Habib Touhami: Quand ressurgissent les fantômes du passé!

Il ne s’agit pas ici de politique, de religion, de culture ou même d’histoire nationale, sujets habituels de polémiques et d’idées reçues. Il ne s’agit  plus «modestement» que d’emploi, de chômage, de sécurité sociale et des liens complexes qui les rattachent. Après un  court moment de lucidité, voilà que le pays repart de plus belle dans ses travers à propos des moyens à mettre en œuvre pour traiter le chômage, celui des jeunes et des diplômés en particulier, ou pour sauver la Sécurité sociale, le régime des pensions notamment.
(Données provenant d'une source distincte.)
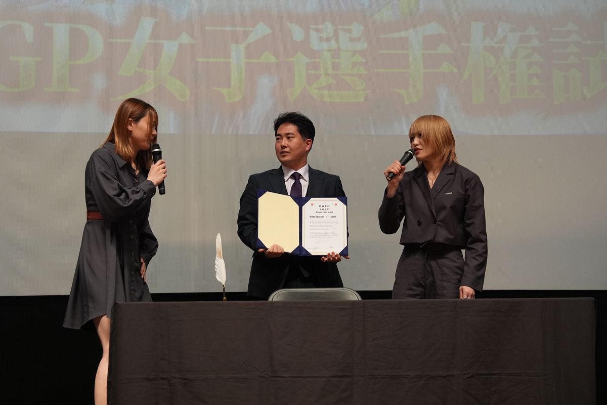 【スターダム】IWGP女子王座V10戦へ向け、岩谷麻優と朱里が調印式 “蹴りの覚悟”が揺さぶった王者の決意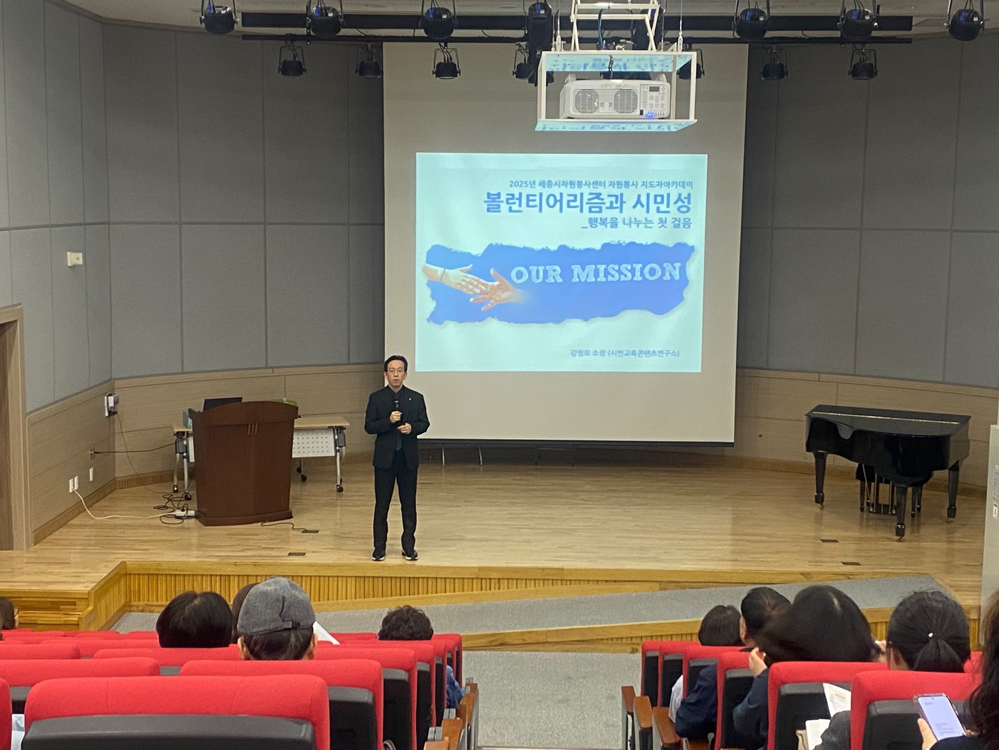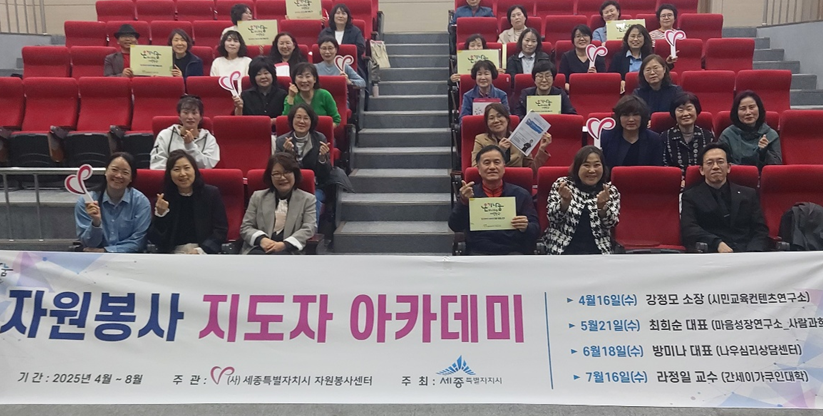 25년 4월 16일 오후 3~5시까지 보람동행복누림터에서 세종시자원봉사센터에서 주관하는 자원봉사 지도자 아카데미에 초대받아 <행복을 나누는 첫걸음, 볼런티어리즘과 시민성>이라는 제목의 특강을 실시하였습니다.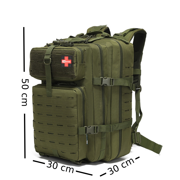 - Plecak jest wyposażony w system laser cut i panel molle, co umożliwia łatwe przymocowanie dodatkowych akcesoriów i przyborów medycznych w miejscach, gdzie są najbardziej potrzebne.

En effet, la gravité de la situation socioéconomique semble inciter l’opinion publique et les décideurs politiques à remettre au goût du jour des conceptions et des pratiques dont les faits ont pourtant démontré l’inefficacité et le coût exorbitant pour l’économie nationale et les finances publiques.

Recruter plus de fonctionnaires et d’agents publics n’a jamais résolu le problème du chômage, surtout quand celui-ci devient structurel, et en tout cas pas à notre stade de développement. Il existe au demeurant une différence de taille entre augmenter le nombre d’emplois et augmenter le nombre d’employés. Au cours des quarante dernières années, la Fonction publique et les entreprises publiques ont été considérées comme le moyen de faire diminuer le taux de chômage. Ce fut une erreur dont le pays continue à payer le prix. En effet, le nombre de fonctionnaires et d’agents publics doit dépendre exclusivement des besoins de la population, en éducation et en santé surtout, de la démographie et de l’évolution des techniques de gestion dont l’informatique. En aucun cas, ce nombre ne doit dépendre du taux de chômage. Vérité «incontestable» quoique remise en cause à chaque fois que la situation sociale se tend ou que le pouvoir en place choisit de céder à la facilité.   

Quand le taux de chômage dépasse 15% de la population active, ce qui est notre cas, il est faux de montrer du doigt le seul taux de croissance de l’économie.

Certes, ce dernier compte mais il est loin de constituer la raison exclusive de la dégradation de la situation de l’emploi. Même avec un taux de croissance de 5%, il n’est pas dit que la tendance s’inversera, et en tout cas pas pour le taux de chômage des diplômés, celui des femmes notamment. Ces problématiques relèvent davantage de la nature et du volume de l’investissement (FBCF), de la taille des entreprises et de l’adéquation de la formation que du seul taux de croissance. L’histoire économique du pays de ces trente dernières années l’atteste. Notons à titre indicatif qu’entre 2015 et 2024, les secteurs économiques les plus employeurs ont vu leur FBCF baisser, même à prix courants (de 306,8 MD à 230,3 MD pour le secteur de  l’habillement, du textile et du cuir par exemple).   

La population tunisienne vieillit, a une espérance de vie de plus en plus grande et entre dans la vie active de plus en plus tard. Si l’on veut sauvegarder notre système de pension dit à répartition, il faut nécessairement rallonger la durée de l’activité sauf au cas où la pénibilité du travail y contreviendrait. Ceci exclut l’adoption de mesures démagogiques telles que la retraite anticipée ou le maintien tel quel de l’âge de départ à la retraite. Verser prématurément les actifs cotisants, avec ou sans leur consentement, dans l’inactivité au nom de la résorption du chômage n’a strictement aucun sens, d’autant moins que les postes de travail ne sont pas interchangeables.

C’est donc à la création d’emplois qu’il faut s’attaquer franchement. Mais pour ce faire, il faut d’abord remplacer dans nos têtes l’équation un retraité de plus est égal à un chômeur de moins par l’équation une création d’un emploi de plus est égale possiblement à un chômeur de moins.